# Orchard grass vs Timothy hay



## MAXX55 (Sep 17, 2010)

I just bought a bag of Oxbow Orchard Grass. I read somewhere that this was an ok item to feed bunnies.

My bun "LOVES" it :inlove:. 

She is still getting Timothy hay but for now favors the orchard grass.

Does anyone out there see any problems if my bun eats more grass then hay?

Thanks.


----------



## Amy27 (Sep 18, 2010)

My buns also love Orchard Grass. I usually mix mine with timothy hay. One, because timothy hay is cheaper and it makes the orchard last longer. Second, because I like that the different types of hay/grass wear the teeth down differently. Though I think it is fine if Cuddles got more Orchard Grass.


----------



## MAXX55 (Sep 18, 2010)

Thanks for the reply. I feel better now, especially with ALL the items out there for bunnies. You read some are good and others are not.

The picture you have posted of your bunny, What breed is it?

Cuddles looks identical. She was abandoned so we don't know what kind she is....I would like to narrow it down.


----------



## OakRidgeRabbits (Sep 18, 2010)

*MAXX55 wrote: *


> Does anyone out there see any problems if my bun eats more grass then hay?


Are you feeding literal Orchard _Grass_, or _dried_ Orchard Grass? Hay is just the term for dried grass.


----------



## missyscove (Sep 18, 2010)

Orchard and Timothy grass hays have very similar nutrient composition and it's fine to feed either, or both together. The ideal is a mixture of grass hays if your bun will eat them.


----------



## luna21 (Sep 18, 2010)

:biggrin2: I have a similar problem, ever since I bought the oxbow orchard grass my Roxy will hardly touch her timothy


----------



## Amy27 (Sep 18, 2010)

*MAXX55 wrote: *


> The picture you have posted of your bunny, What breed is it?
> 
> Cuddles looks identical. She was abandoned so we don't know what kind she is....I would like to narrow it down.
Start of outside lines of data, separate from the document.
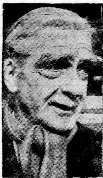
Lordas Avon, geriausia žinomas kaip Anthony Eden, buvęs Britanijos ministras pirmininkas, atvyko į Lealey Bostono klinikas sveikatos patikrinimui.

"Todėl mes manome, kad Sovietijos vyriausybė dabar, prisidėgdama Europos Saugumo sutarties derybų skraiste, bando išgauti nuolatinį pripažinimą dabartinėms savo sienoms. Mes, tačiau, tikimės, kad Jungtinės Karalijos vyriausybė artėjančiuose paskaitimuose dėl Europos saugumo seks Atlanto chartos dvasia ir aiškiai tars, kad Lietuvos aneksija prie Sovietų Sąjungos nebus sankcionuota. Toliau, mes tikime, kad Jungtinės Karalijos vyriausybė pareikalau, kaip išankstinės sąlygos konferencijai, kad būtų panaikintas 1939 metų Sovietų - Nacių Nepuolimo paktas su visais jo slaptaisiais protokolais, ir kad būtų atstatyta Lietuvos ir kitų Baltijos valstybių nepriklausomybė. Sveikindami kiekvieną iniciatyvą, vedančią Europos saugumo linkme, mes manome, kad tas saugumas turi būti pagrįstas Europos tautų laisve ir nepriklausomybe". (Elta)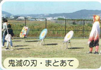
鬼滅の刃・まとあて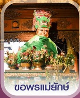
ขอพรแม่ยักษ์

✈️ คอนเฟิร์มออกเดินทาง ทุกพีเรียด 2 ท่านขึ้นไป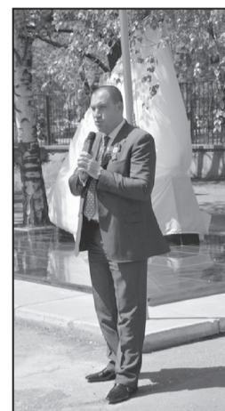
С.Ю. Перцев, Глава Минераловодского городского округа

От имени учителей и учеников всех поколений хочу выразить благодарность Управляющему Совету гимназии №103 и лично главе нашего города С.Ю. Перцеву, благодаря усилиям которых памятник, так много значащий для нас, получил второе рождение в знаменательный для всей России год 70 - летия Победы в Великой Отечественной войне.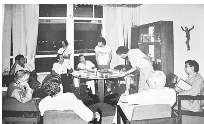
► Reunião de negociação entre dirigentes do DEC e da reitoria da UFRN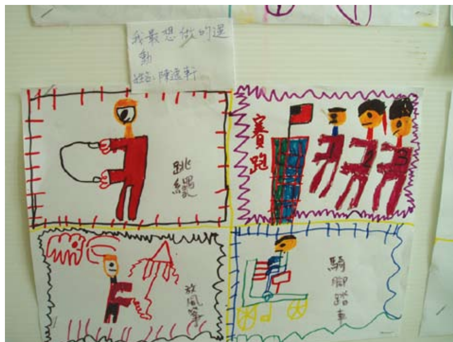
逸軒最想做運動是跳繩、賽跑、放風箏，還有騎腳踏車。

有孩子提出除了吃營養餐，運動也會幫助身體健康。老師請孩子分享運動對身體的幫助，並邀請孩子畫下自己最想做運動。

She is a mini rex. If you post a picture of your rabbit in the Rabbitry area, they would probably be able to tell you what breed she is. I would love to see some pictures of her!


----------



## MAXX55 (Sep 19, 2010)

It's the dried orchard grass.


----------



## MAXX55 (Sep 19, 2010)

I will post some pics soon.


----------



## AngelnSnuffy (Sep 20, 2010)

*luna21 wrote: *


> :biggrin2: I have a similar problem, ever since I bought the oxbow orchard grass my Roxy will hardly touch her timothy


Same here, haha. But, each hay wears down the teeth differently, so if you can get ur buns to eat multiple kinds, is great. That is what I was doing and created a monster w/ the Orchard Grass.:headsmack Oh! It can't be another brand either, or I just spread it around my cage, ugh, lol.:nope:


----------



## luna21 (Sep 20, 2010)

LOL:surrender bunnies get whatever bunnies should want in this house:embarrassed: n why should it be any different


----------



## AKJulie (Oct 5, 2010)

My buns are particular about their type of Timothy Hay - They don't like the Kaytee, but love the Oxbow - so maybe try a different brand of Timothy?


----------